The Consent Solicitation is being made solely on the terms and subject to the conditions set forth in the Consent Solicitation Statement, dated February 20, 2018 (as may be amended or supplemented from time to time, the “Consent Solicitation Statement”), and in the accompanying consent form.  The Company may, in its sole discretion, terminate, extend or amend the consent solicitation at any time as described in the Consent Solicitation Statement.

Copies of the Consent Solicitation Statement, the consent form and other related documents may be obtained from D.F. King & Co., Inc., the Information and Tabulation Agent, at (212) 269-5550 (banks and brokers), (800) 676-7437 (all others, toll free), or email at agc@dfking.com.  Holders of the Notes are urged to review the Consent Solicitation Statement and the consent form for the detailed terms of the consent solicitation and the procedures for consenting to the Proposed Amendment.  Any persons with questions regarding the consent solicitation should contact the Solicitation Agent, Deutsche Bank Securities Inc., at (212) 250-7527 (collect) or (855) 287-1922 (toll free).

About the Company

As a leader in meaningful connections, American Greetings is a creator and manufacturer of innovative social expression products that assist consumers in making the world a more thoughtful and caring place. Founded in 1906, the Company's major greeting card lines are American Greetings, Carlton Cards, Gibson, Recycled Paper Greetings and Papyrus, and other paper product offerings include DesignWare party goods and American Greetings and Plus Mark gift-wrap and boxed cards. American Greetings also has one of the largest collections of greetings on the Web, including greeting cards available at Cardstore.com and electronic greeting cards available at AmericanGreetings.com.
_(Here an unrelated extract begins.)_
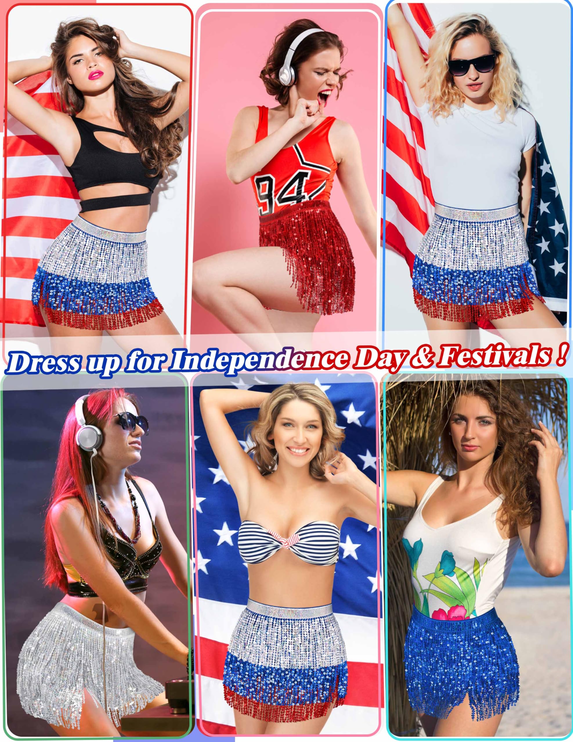 SUITABLE OCCASIONS: The fringe skirt themed on the USA Flag are perfect for parties of Independence Day, Flag Week and Patriots Day! The womens 4th of july outfit is so trendy and colorful that you will quickly grab people's attention wherever you go. The red and black fit devils and vampires at Halloween, the green are great for Christmas and St. Patrick's Day. Besides, the glitter skirt is very suitable for belly dance, disco, carnival, beach and so on. Wear the skirt, you'll be sexy queen.

American Greetings is headquartered in Cleveland, Ohio, and its products can be found in retail outlets worldwide. For more information on the Company, visit www.corporate.americangreetings.com.

Cautionary Note Regarding Forward-Looking Statements

This press release may contain information that includes or is based upon forward-looking statements. Forward-looking statements give expectations or forecasts of future events. These statements can be identified by the fact that they do not relate strictly to historical or current facts. They use words such as “anticipate,” “estimate,” “expect,” “project,” “intend,” “plan,” “believe,” “potential,” and “will,” and other words and terms of similar meaning, or are tied to future periods, in connection with a discussion of future operating or financial performance. In particular, these include statements relating to future actions, prospective services or products, future performance or results of current and anticipated services or products, sales efforts, expenses, the outcome of contingencies such as legal proceedings, trends in operations and financial results.

Any or all forward-looking statements may turn out to be wrong. They can be affected by inaccurate assumptions or by known or unknown risks and uncertainties. Many such factors will be important in determining the actual future results of the Company, its subsidiaries and affiliates. These statements are based on current expectations and the current economic environment. They involve a number of risks and uncertainties that are difficult to predict. These statements are not guarantees of future performance. Actual results could differ materially from those expressed or implied in the forward-looking statements. Risks, uncertainties, and other factors that might cause such differences include the risks, uncertainties and other factors identified herein, including, without limitation, that the Acquisition may not be completed on the current terms or at all and that our cost-savings initiatives may not be successful.  The Company does not undertake any obligation to publicly correct or update any forward-looking statement if the Company later becomes aware that such statement is not likely to be achieved.